◆ **Goal of the exercise**: List every line in this data where the string "กลองส" occurs.

-- Source material follows --

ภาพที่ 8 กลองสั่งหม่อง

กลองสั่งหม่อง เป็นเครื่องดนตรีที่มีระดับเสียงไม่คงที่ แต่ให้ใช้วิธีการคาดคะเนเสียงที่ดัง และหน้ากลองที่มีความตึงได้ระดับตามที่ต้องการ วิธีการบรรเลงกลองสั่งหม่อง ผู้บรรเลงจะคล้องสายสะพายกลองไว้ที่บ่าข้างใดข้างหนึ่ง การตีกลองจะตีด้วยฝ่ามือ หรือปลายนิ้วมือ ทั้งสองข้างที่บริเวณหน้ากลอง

-- Source material concluded --
-- Source material follows --

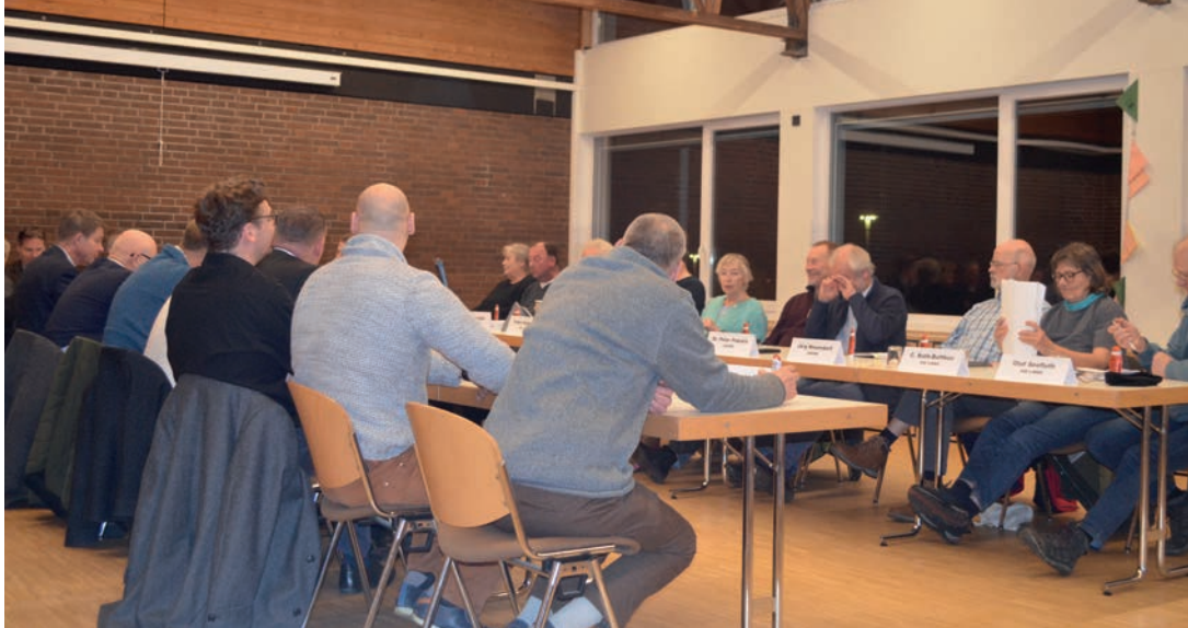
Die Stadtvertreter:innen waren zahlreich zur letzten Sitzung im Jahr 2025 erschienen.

-- Source material concluded --

◆ **Task answer**:
ภาพที่ 8 กลองสั่งหม่อง
กลองสั่งหม่อง เป็นเครื่องดนตรีที่มีระดับเสียงไม่คงที่ แต่ให้ใช้วิธีการคาดคะเนเสียงที่ดัง และหน้ากลองที่มีความตึงได้ระดับตามที่ต้องการ วิธีการบรรเลงกลองสั่งหม่อง ผู้บรรเลงจะคล้องสายสะพายกลองไว้ที่บ่าข้างใดข้างหนึ่ง การตีกลองจะตีด้วยฝ่ามือ หรือปลายนิ้วมือ ทั้งสองข้างที่บริเวณหน้ากลอง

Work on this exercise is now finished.